# The influence of concomitant proton pump inhibitors use on treatment efficacy in hepatocellular carcinoma patients receiving immune checkpoint inhibitors: a systematic review and meta-analysis

**Authors:** Yangfei Duan, Qitai Zhao, Shumin Feng, Wei Jing, Dan Wang, Yi Zhang

PMC · DOI: 10.3389/fimmu.2026.1717420 · 2026-02-03

## TL;DR

This study examines whether proton pump inhibitors affect the effectiveness of cancer immunotherapy in liver cancer patients.

## Contribution

A meta-analysis evaluating the clinical impact of proton pump inhibitors in hepatocellular carcinoma patients receiving immunotherapy.

## Key findings

- No significant association found between PPIs use and overall survival in HCC patients receiving ICIs.
- No significant association found between PPIs use and progression-free survival in HCC patients receiving ICIs.

## Abstract

Despite the significant survival benefit offered by immune checkpoint inhibitors (ICIs) in patients with hepatocellular carcinoma (HCC), a subset of patients still develop drug resistance. Recent evidence suggests that proton pump inhibitors (PPIs) may influence the therapeutic efficacy of ICIs, but the clinical relevance of this interaction remains unclear. This meta-analysis aims to systematically evaluate the association between concomitant PPIs use and clinical outcomes in HCC patients receiving ICIs therapy.
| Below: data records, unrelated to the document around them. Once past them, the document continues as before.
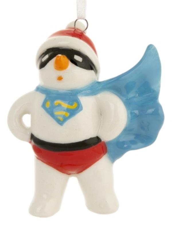 Снеговик супермен подвесной 8см керамика
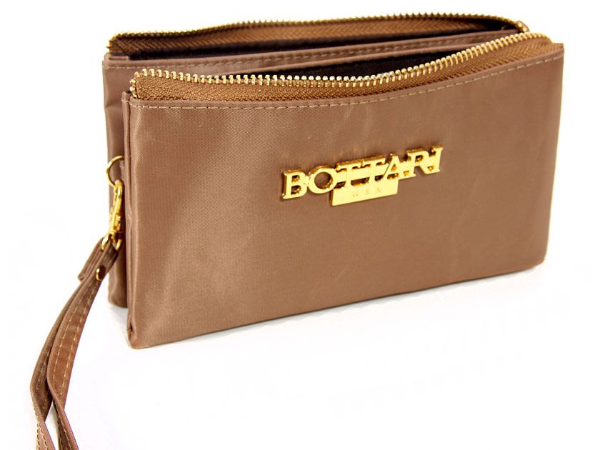 Nylon cosmetic wrist-let. Top zipper closing. Three separate compartments.
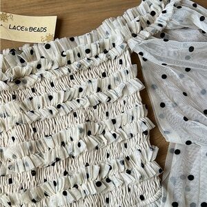 Elevate your style with this chic white polka dot off-shoulder blouse by . Perfect for any occasion, its lightweight fabric ensures comfort and elegance.
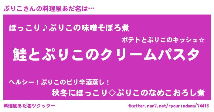 | 女子向けラノベタイトル風あだ名 | 『死神ぷりこの再婚』『闇のぷりこ』 |
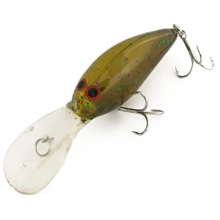 У напівпрозорому тілі цього глибоководного кренка оливкового кольору рівномірно розподілені яскраві фіолетові та зелені блискітки. Ця модель Norman DD 14 (артикул 7478) має довжину 7 см (2 3/4") та вагу 16 г (3/5 унції). Конструкція оснащена внутрішньою шумовою камерою для створення акустичного ефекту у воді та має нейтральну плавучість (суспендер), що дозволяє застосовувати різні техніки проводки. Велика прозора лопать розрахована на заглиблення в межах 3,6–4,2 м (12–14 футів), тому приманка чудово підходить як для ловлі в закид, так і для тролінгу. На голові розташовані виразні червоні очі, які створюють контрастну точку атаки на фоні оливкового корпусу. Фурнітура перебуває у відмінному стані (оцінка 5/5) і включає оригінальні заводні кільця та трійники. Цей виготовлений у США воблер демонструє класичний силует Norman із фірмовим пластиком, насиченим блискітками.
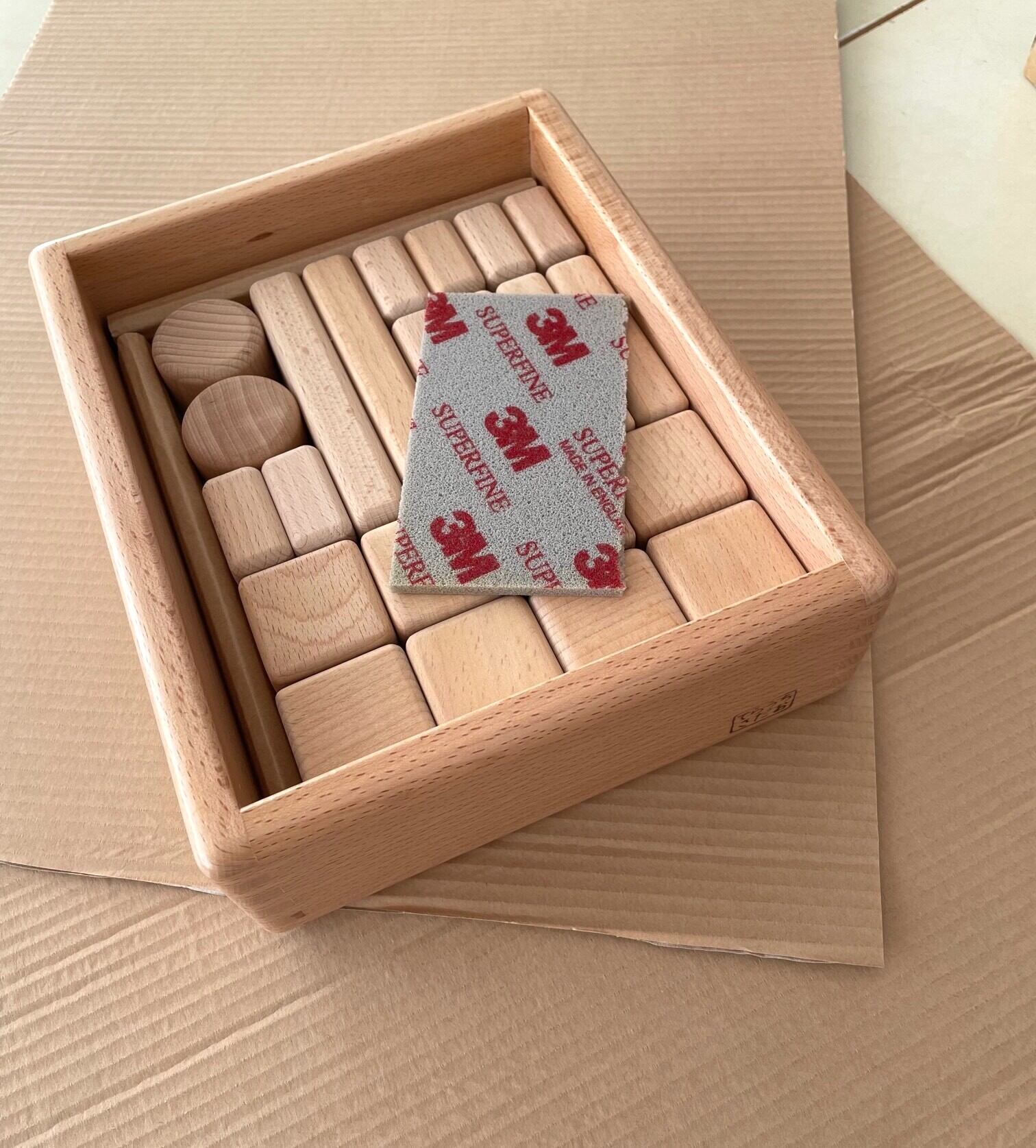 ただ、あかちゃんは特につみきを舐めてしまうので、無塗装仕上げだと表面がガサガサになりやすいという欠点もあります。
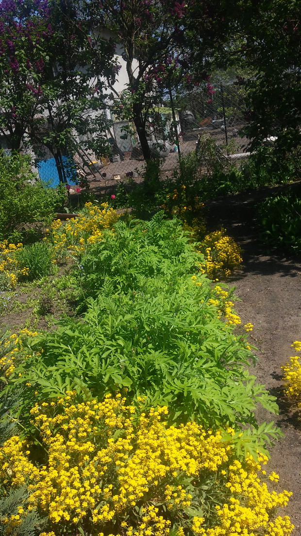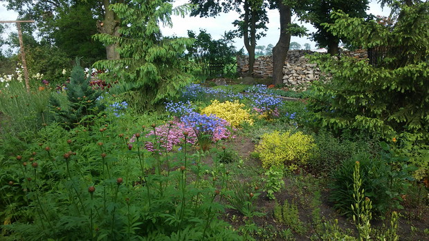 Ogród znajduję się 0,5 km od sławnego jeziora Gopło na Kujawach, ale ziemia jest raczej piaszczysta i sucha. Jest tu kilka przedwojennych egzemplarzy przedwojennych jak aleja lipowa lipowa i akacjowa, stara grusza i papierówka. Wiosną mamy natomiast tonę liści do sprzątania. Jeszcze do przedwojennych okazów należy fioletowy lilak, poletko żółtych i niebieskich irysów pod lipami, którym niestraszna susza i mrozy. Ze względu na panujące w naszym rejonie susze część ogrodu obsadziliśmy iglakami i teraz mamy prywatny lasek - zimują tam jeże. Ogród jest właściwie jest odskocznią od pracy w gospodarstwie rolnym, cieszy nas każdy kwitnący kwiat czy warzywo. Ten rok jest sprzyjający w deszcz, więc nie musimy nosić konewkami hektolitrów wody. Ale za to chory grzybowe i zarazy nie ominęły i nas. Naprzeciwko ogrodu stoi na wysokim słupie gniazdo bocianie. Wiosną bociany odwiedzają nasz ogród, gdzie zbierają suche gałęzie do naprawy gniazda. Serdecznie pozdrawiamy wszystkich czytelników magazynu ogrodniczego :) Ewa i Małgorzata Witkowskie
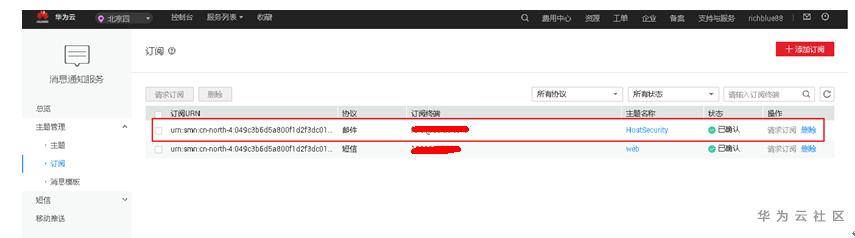 在弹出窗口选择协议:邮件,订阅终端输入“邮箱地址”该地址为接收告警通知的邮箱地址。
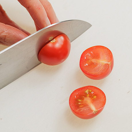 ブロッコリーはゆでる。ミニトマトは半分に切る。
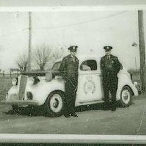 SERIES. Two Sacramento police officers pose beside a white squad car used for traffic accident investigations. One is probably Jim Hicks.

A comprehensive search of the PubMed, Embase (via Ovid), and Web of Science databases was conducted to identify relevant studies published before May 14, 2025. The primary endpoints of the meta-analysis were overall survival (OS) and progression-free survival (PFS).

Five retrospective studies comprising a total of 1,257 patients were included, of whom 606 (48.2%) received PPIs concurrently with ICIs. The meta-analysis showed no statistically significant association between PPIs use and either OS (HR: 1.04, 95% CI: 0.88-1.24, P = 0.64) or PFS (HR: 0.92, 95% CI: 0.74-1.14, P = 0.44). These findings were further supported by a Bayesian sensitivity analysis performed to address the uncertainty inherent in a limited number of studies.

Based on the current evidence from retrospective studies, concomitant use of PPIs does not appear to significantly affect survival outcomes in HCC patients treated with ICIs. However, given the inherent limitations of the included studies, this conclusion should be interpreted with caution and warrants validation through prospective investigations.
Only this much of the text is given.